RIVER SING ME HOME by Eleanor Shearer

by | Mar 9, 2023

More than a tale of historical slavery – but not to lessen the deep gouge on human history that slavery was, River Sing Me Home is a narrative on freedom. So longed for, wished for and a driving force deep within the souls of the enslaved, when freedom finally comes it takes shape in different ways. This is a deeply heart-felt motherly pursuit post-emancipation law in 1834. Although the end-of-slavery law was passed in London in 1833, the effect was not immediate. It took time for news to travel to the colonies on the Caribbean Islands of Barbados, British Guiana and Trinidad where this book is set. Cruel, manipulative owners and overseers of sugar plantations were not willing to relinquish their power and profitable exploitation so readily. This sets the scene for River Sing Me Home. Rachel is a mother and a slave that ran. Her mind is gripped by fear and her spirit is unsettled. She understands loss of family and home but has never known freedom and it’s a concept hard to grasp but she has to live with the scars. “I have seen people struggle to live after they escaped…freedom is what they wanted for so long. Freedom means stepping over the plantation boundary – but what then? It can be hard to live after freedom…I think we have known that there’s a gap between what is real and imagined…” Rachel has good reason be unsettled, her maternal spirit over-rides any commonsense. She’s driven to resolve the mysteries of her missing children – taken at various ages, sold or moved on to another part of the plantation, mere commodities to be traded in business.
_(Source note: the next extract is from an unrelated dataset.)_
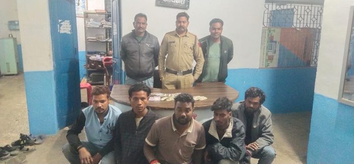 नाम आरोपी:-(1) पुनाराम केंवट पिता मोहित राम केंवट उम्र 35 वर्ष, साकिन लोफंदी थाना कोनी, जिला बिलासपुर(छ.ग.)(2) शिव कुंमार केवट पिता जगत राम केंवट उम्र 33 वर्ष साकिन लोफदी, थाना कोनी,जिला बिलासपुर(छ.ग.)(3) कृष्णा कुमार सारथी पिता उस कुमार सारथी उम्र 28 वर्ष साकिन लक्षनपुर थाना कोनी, जिला बिलासपुर(छ.ग.)(4) नरेन्द्र कुमार साहू पिता रविशंकर साहू उम्र 21 वर्ष साकिन लक्षनपुर थाना कोनी जिला बिलासपुर(5) सोनू सागर पिता अवतार सिंह सागर उम्र 20 वर्ष साकिन सरवानी ,थाना खरसिया, जिला रायगढ.

Eleven children in total, five alive and six more died from fever or before their first breath hit their lungs. It is this relentless pursuit that underpins River Sing me Home. Rachel searches for Micah, Mary Grace, Mercy, Cherry Jane and Thomas Augustus. Across three Caribbean islands, five different outcomes and very different ways to live in ‘freedom’. It is brutal and confronting, yet in amongst it all there are rekindled bonds and resolution, making this a hopeful book too. Highly recommended.